Prompt: In the entries below, begin at the line that has "Traditional body dropped", stop after the line that has "Enjoy this restored", and output those lines exactly with no pictures.

Input data:
····················
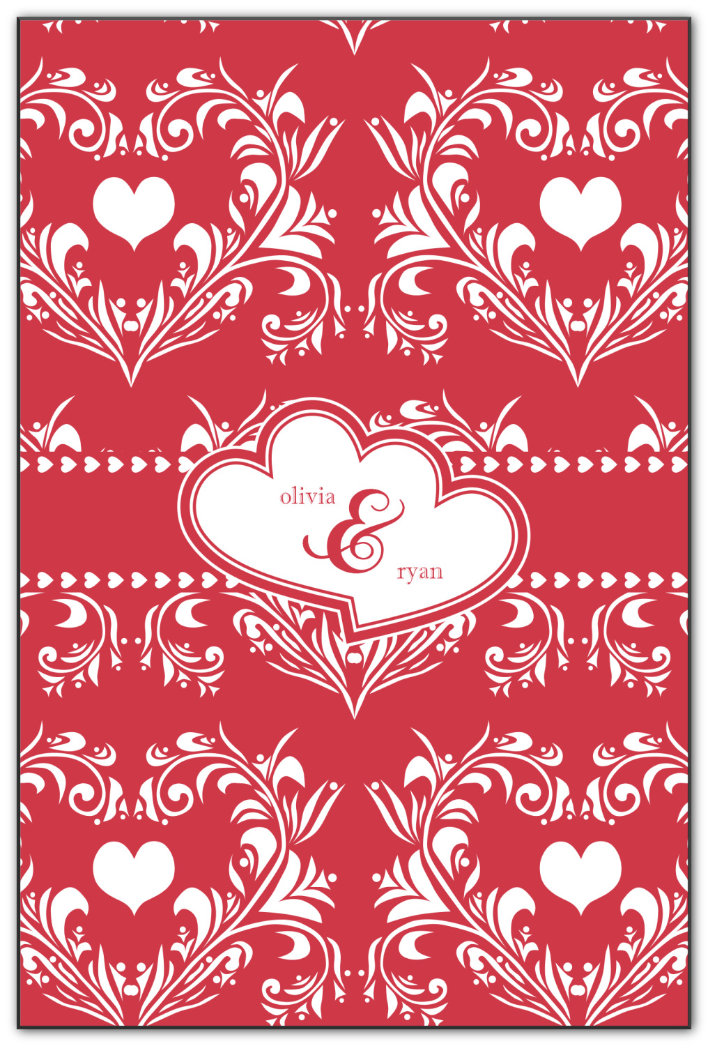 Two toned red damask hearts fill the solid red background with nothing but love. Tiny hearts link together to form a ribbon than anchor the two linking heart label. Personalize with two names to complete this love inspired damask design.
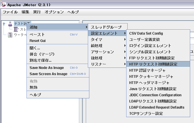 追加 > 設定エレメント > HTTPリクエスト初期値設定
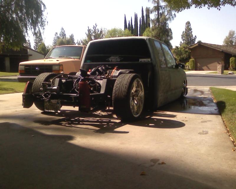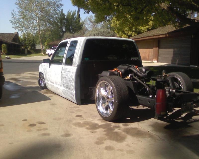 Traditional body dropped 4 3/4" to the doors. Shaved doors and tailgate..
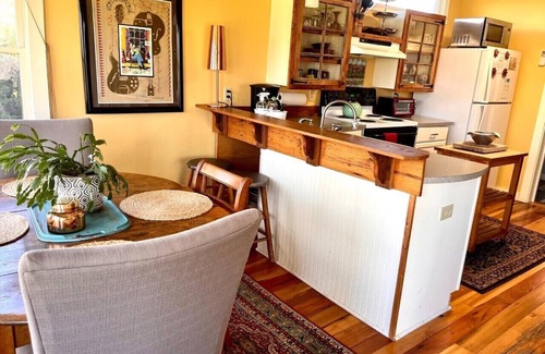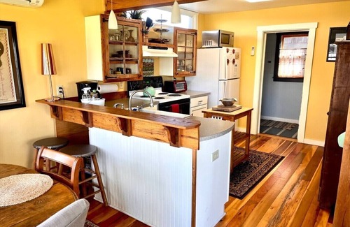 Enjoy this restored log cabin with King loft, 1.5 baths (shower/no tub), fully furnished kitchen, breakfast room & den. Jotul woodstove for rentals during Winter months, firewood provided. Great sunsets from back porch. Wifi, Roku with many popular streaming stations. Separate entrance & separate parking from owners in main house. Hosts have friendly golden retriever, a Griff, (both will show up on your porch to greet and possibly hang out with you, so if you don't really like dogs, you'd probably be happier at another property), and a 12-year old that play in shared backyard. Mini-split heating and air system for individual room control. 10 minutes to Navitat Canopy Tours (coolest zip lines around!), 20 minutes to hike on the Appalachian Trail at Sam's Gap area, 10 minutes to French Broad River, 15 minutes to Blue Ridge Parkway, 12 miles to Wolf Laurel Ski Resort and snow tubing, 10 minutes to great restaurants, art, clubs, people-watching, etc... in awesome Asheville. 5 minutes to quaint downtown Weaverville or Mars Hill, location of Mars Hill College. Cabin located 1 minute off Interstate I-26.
····················
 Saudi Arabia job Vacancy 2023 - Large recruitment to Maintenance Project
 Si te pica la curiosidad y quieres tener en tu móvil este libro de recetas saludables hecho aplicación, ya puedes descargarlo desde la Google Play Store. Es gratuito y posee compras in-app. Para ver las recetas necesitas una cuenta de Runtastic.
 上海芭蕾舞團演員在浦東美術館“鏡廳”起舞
····················
Finished exercise:
 Traditional body dropped 4 3/4" to the doors. Shaved doors and tailgate..
 Enjoy this restored log cabin with King loft, 1.5 baths (shower/no tub), fully furnished kitchen, breakfast room & den. Jotul woodstove for rentals during Winter months, firewood provided. Great sunsets from back porch. Wifi, Roku with many popular streaming stations. Separate entrance & separate parking from owners in main house. Hosts have friendly golden retriever, a Griff, (both will show up on your porch to greet and possibly hang out with you, so if you don't really like dogs, you'd probably be happier at another property), and a 12-year old that play in shared backyard. Mini-split heating and air system for individual room control. 10 minutes to Navitat Canopy Tours (coolest zip lines around!), 20 minutes to hike on the Appalachian Trail at Sam's Gap area, 10 minutes to French Broad River, 15 minutes to Blue Ridge Parkway, 12 miles to Wolf Laurel Ski Resort and snow tubing, 10 minutes to great restaurants, art, clubs, people-watching, etc... in awesome Asheville. 5 minutes to quaint downtown Weaverville or Mars Hill, location of Mars Hill College. Cabin located 1 minute off Interstate I-26.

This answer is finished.